Reference Base-managed project and representative demo environment.

This repository is the public reference project for Base-managed repositories. It demonstrates Base on a compact but credible project shape: small enough to inspect in one sitting, but substantial enough to represent the tools and runtime variety found in a medium-sized engineering organization.

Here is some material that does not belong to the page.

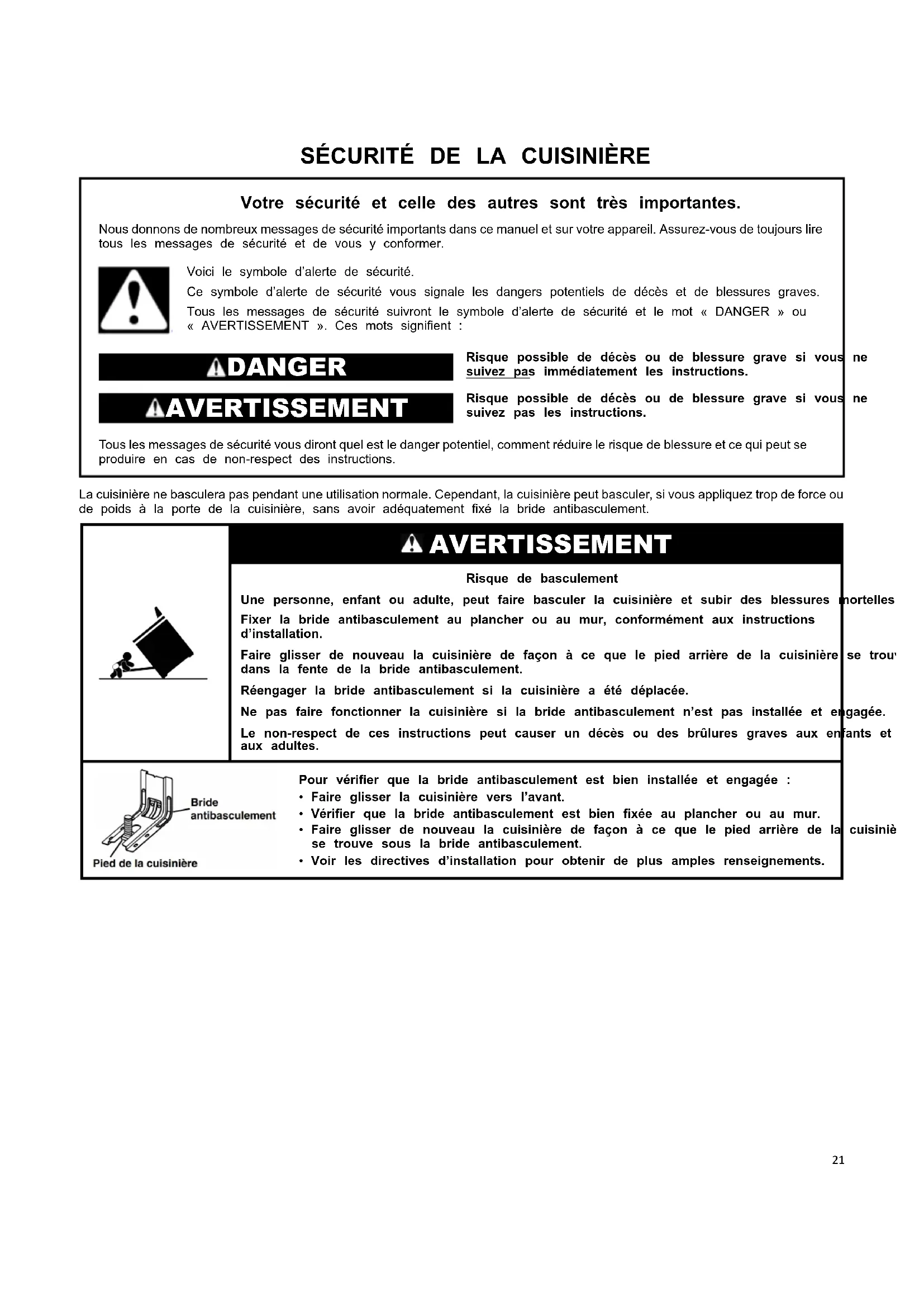 Votre sécurité et celle des autres sont très importantes. Nous donnons de nombreux messages de sécurité importants dans ce manuel et sur votre appareil. Assurez-vous de toujours lire tous les messages de sécurité et de vous y conformer. Voici le symbole d’alerte de sécurité. Ce symbole d’alerte de sécurité vous signale les dangers potentiels de décès et de blessures graves. Tous les messages de sécurité suivront le symbole d’alerte de sécurité et le mot « DANGER » ou « AVERTISSEMENT ». Ces mots signifient : DANGER Risque possible de décès ou de blessure grave si vous ne suivez pas immédiatement les instructions. AVERTISSEMENT Risque possible de décès ou de blessure grave si vous ne suivez pas les instructions. Tous les messages de sécurité vous diront quel est le danger potentiel, comment réduire le risque de blessure et ce qui peut se produire en cas de non-respect des instructions. La cuisinière ne basculera pas pendant une utilisation normale. Cependant, la cuisinière peut basculer, si vous appliquez trop de force ou de poids à la porte de la cuisinière, sans avoir adéquatement fixé la bride antibasculement. AVERTISSEMENT Risque de basculement Une personne, enfant ou adulte, peut faire basculer la cuisinière et subir des blessures mortelles. Fixer la bride antibasculement au plancher ou au mur, conformément aux instructions d’installation. Faire glisser de nouveau la cuisinière de façon à ce que le pied arrière de la cuisinière se trouve dans la fente de la bride antibasculement. Réengager la bride antibasculement si la cuisinière a été déplacée. Ne pas faire fonctionner la cuisinière si la bride antibasculement n’est pas installée et engagée. Le non-respect de ces instructions peut causer un décès ou des brûlures graves aux enfants et aux adultes. Pour vérifier que la bride antibasculement est bien installée et engagée :

The long-term direction is documented in Representative Environment Design. base-demo is intentionally positioned between a toy sample and banyanlabs: it borrows the shape of a realistic platform environment while keeping each service shallow so Base orchestration remains the point.

Quick Start

Clone base and base-demo as peer directories:

git clone https://github.com/codeforester/base.git
git clone https://github.com/codeforester/base-demo.git

From the base-demo repository root on a machine where Base is already set up:

basectl projects list
basectl setup base-demo
basectl activate base-demo
basectl check base-demo
basectl doctor base-demo
basectl repo check .
basectl run base-demo --list
basectl run base-demo hello
basectl run base-demo services -- status
basectl run base-demo environments -- list
basectl test base-demo
basectl build base-demo
basectl demo base-demo

The commands above exercise the complete Base project loop:

  • basectl projects list proves the repository is discoverable from the workspace.
  • basectl setup base-demo reconciles the project manifest, Brewfile, and project virtual environment.
  • basectl activate base-demo starts a project shell with the activation source applied.
  • basectl check base-demo and basectl doctor base-demo validate the local project environment from that activated shell.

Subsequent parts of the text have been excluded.